Otherwise we assume that the child has been weaned. (Because we are
using only current status information we don't need to know the duration.)
. gen age = v007 - b2 // date of interview - date of birth . gen stillbr = v301 == 96 . replace stillbr = 0 if !last | v205 > 0 (454 real changes made) . collapse (sum) stillbr (count) n=v000, by(age) . gen lx = stillbr/n . scatter lx age || line lx age, legend(off)
One slight problem with this "lx" function (shown below) is that it is not monotone. There is an algorithm to force monotonicity known as "pool adjacent violators"; essentially you need to backtrack each time you find a violation of monotonicity and combine adjacent categories until the problem disappears, at which time you resume working forward.
A simpler approach is to use a smoother, and the figure shows a regression spline. I fitted it used logistic regression to take into account the fact that the underlying data are binary, but otherwise the basic idea is the same as before.
. bspline ,xvar(age) knots(0 12 24 36) p(3) gen(bs) . quietly blogit still n bs*, noconstant . predict fit, pr . twoway scatter lx age || line fit age, legend(off) /// > xlabels(0 6 12 18 24 30 36) /// > title(Proportion Still Breasteefing by Age) /// > subtitle(Bangladesh WFS 1976) . graph export bdbrfeed.png, replace (file bdbrfeed.png written in PNG format)

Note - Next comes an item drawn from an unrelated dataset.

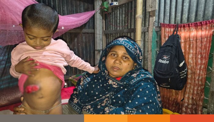 সাত বছর বয়সী ওমর ফারুক জন্ম থেকেই পায়ুপথহীন। স্বাভাবিকভাবে চলাফেরা তো দূরের কথা, প্রতিটি দিন কাটে তীব্র যন্ত্রণার মধ্যে। দীর্ঘমেয়াদি চিকিৎসা চালাতে গিয়ে এই দরিদ্র পরিবার তাদের গরু, আসবাবপত্রসহ সব সম্পদ বিক্রি করেছে। এখন আর নেই কোনো সম্বল।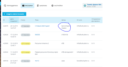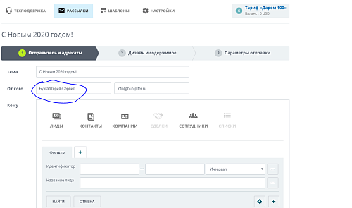 При регистрации указали как имя отправителя "АТБ-менеджмент". Нужно сменить имя, при оформлении рассылки в разделе Отправитель и адресаты, "от кого", указываем нужный.

An important point to note is that there is no evidence of precipitous declines in proportions still breastfeeding after 12 or 24 months, so the heaping of retrospective reports on these values was probably bad data rather than a real phenomenon. This is why current status life tables are the method of choice for duration data on breastfeeding, post-partum amenorrhea, and post-partum abstinence, which are usually poorly reported.
It is clear that upwards of 90% of all children are breastfed; our original tabulation suggests it may be 95%, but our first current status data point is at exact age one month. Moreover, 50% of all children are still breastfeeding at age 26 months. Strictly speaking the median is defined as the age by which 50% of the kids who are breatfed are still breastfeeding, and is probably around age 29 months.
Note also that almost 20% of the kids are still breastfeeding at age 3 exact years. The time spent breastfeeding in the first three years, computed as the area under the "lx" curve, is
. quietly sum lx . di r(sum) 22.963591
or almost 23 months. (Using the spline gives 22.8 months.) The mean, of course, is probably a bit higher, depending on how far the 20% upper tail extends.
The incidence-prevalence method estimates duration in a state (such as an illness) as a ratio of prevalence to incidence, or existing to new cases. To estimate this mean we compute the overall proportion still breasteefing at durations 1-36 and divide by 0.95/36, an estimate of cases who start breastfeeding each month:
. sum lx[fw=n]
Variable | Obs Mean Std. Dev. Min Max
-------------+--------------------------------------------------------
lx | 3850 .6275325 .2118189 .1864407 .9298246
. di r(mean)/(0.95/36)
23.780178
The incidence-prevalence estimate is 23.8 months, consistent with the other results.
Note in closing that with current status data all observations are censored,
- Children still breastfeeding are right censored at their current age (all we know is that they will breastfeed longer than that), and
- Children weaned, or who never breastfed, are left censored at their current age (all we know is that they breastfed less than that).